This week, our homework assignment was to create this shape by using the hand router tool.



Look complicated? It’s not! Let’s see how it’s done.

Here’s a pic of the material I used.


This is plywood, it’s not of great quality and it’s pretty cheap, but since this exercise is for familiarizing ourselves with the tools in the shop, plywood is fine.

In order to figure out the angle of the frame, I needed to create a square, and find the center and connect the dots of one inch in of the perpendicular lines.


Once I marked that, I went off the the shop (wood shop, of course).
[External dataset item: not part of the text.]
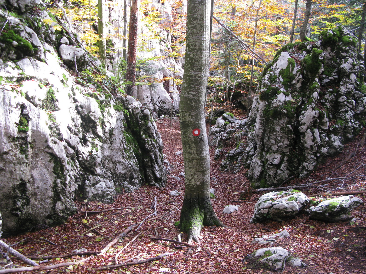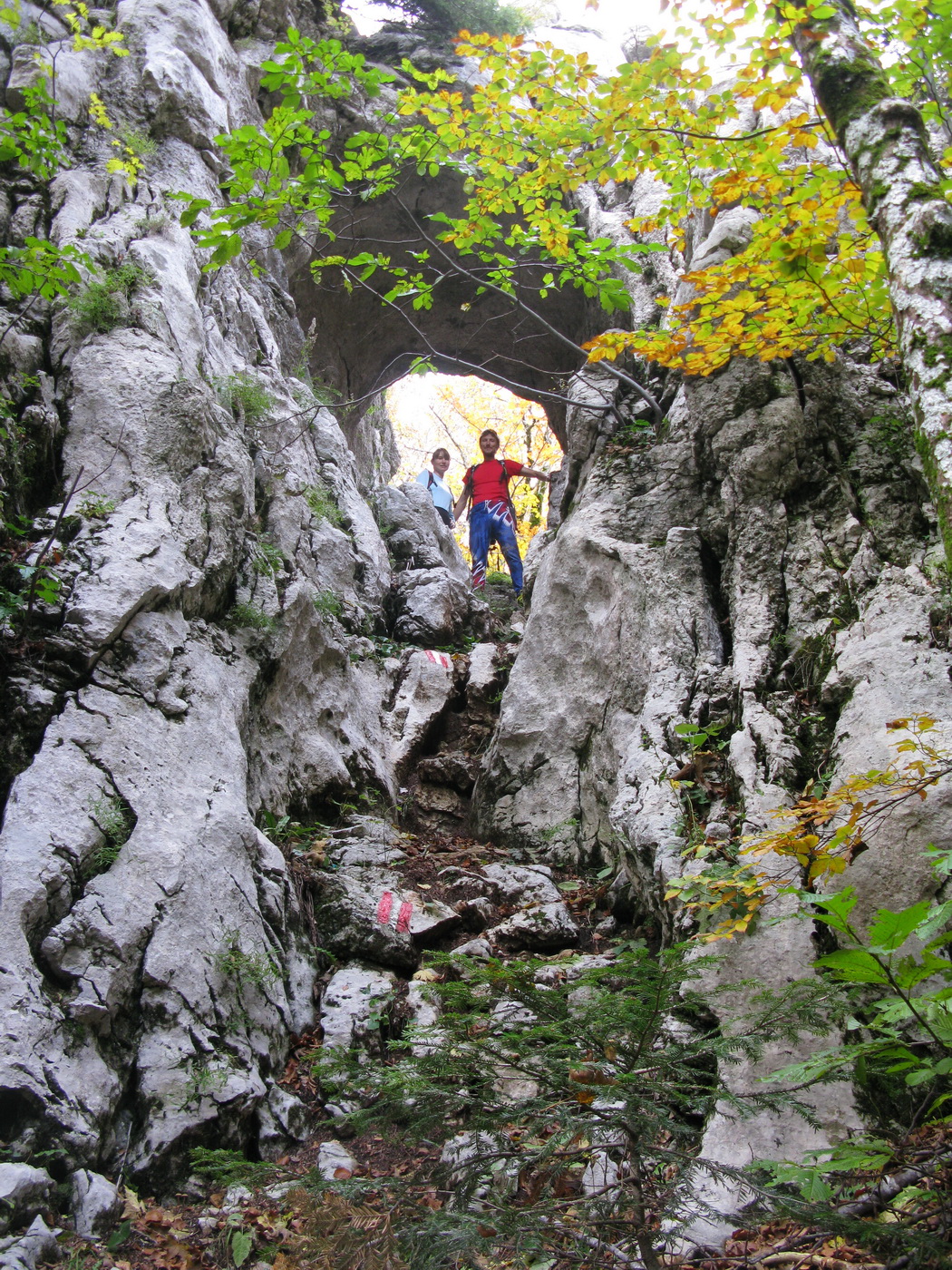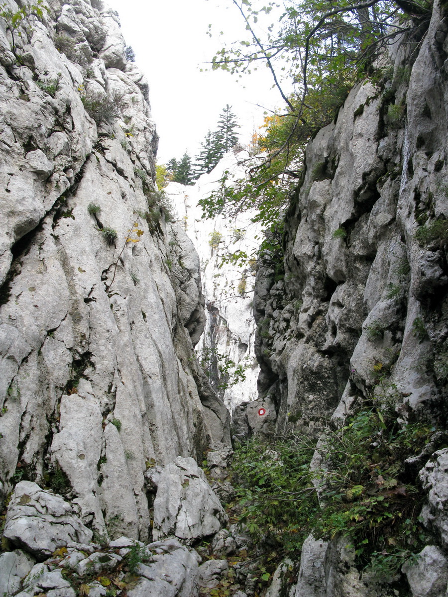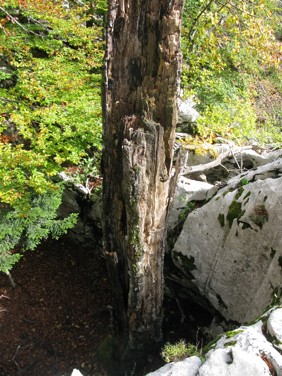 Po prestávke na chate (nikoho sme nestretli) prišlo na rad to, po čo sme sem prišli. Krátky presun bukovým pralesom, ktorý o drevorubačoch ešte nepočul, a stojíme pri rázcestníku. Put Malog princa je okruh, dal by sa ísť oboma smermi. Rozhodujeme sa ísť vpravo a okruh tak zakončiť výstupom na Bili Kuk. Zakrátko prichádzame po dobre vyznačenom chodníku k prvej "atrakcii", ako sme ich neskôr nazvali.

As I mentioned earlier, for this exercise, we needed to use the hand router tool. The hand router tool has a drill bit at the top, and that drill bit eats away at the material. However, in order for that to happen precisely, it is required to use stencils and sometimes external assets (like rulers for example).  In this case, I used a stencil that serves kind of as a compass (for drawing circles). I attached the compass stencil to the head of the router, so that the drill bit now acts the same way a pencil would in a compass.


Once that was attached I could carve the 3/4 circle



Something important to know about the hand router tool: you don’t want to carve or cut anything in one pass. The best and most precise, most smooth way of carving or cutting, is to make multiple passes over the same path. Essentially when this mean is that after each pass, you lower the drill bit just a little bit in order for it to eat away at slightly more material.

So, back to our project. The next part was to cut that straight line in the remaining quarter of the frame. In order to do that, I needed to measure the radius of the hand router and the diameter of the drill bit in order to figure out where to align my ruler. Once I had that figured out, it was time to get back on the hand router.


And that’s pretty much it! All that was left to do was to cut the sides, and viola! We have our interestingly shaped frame!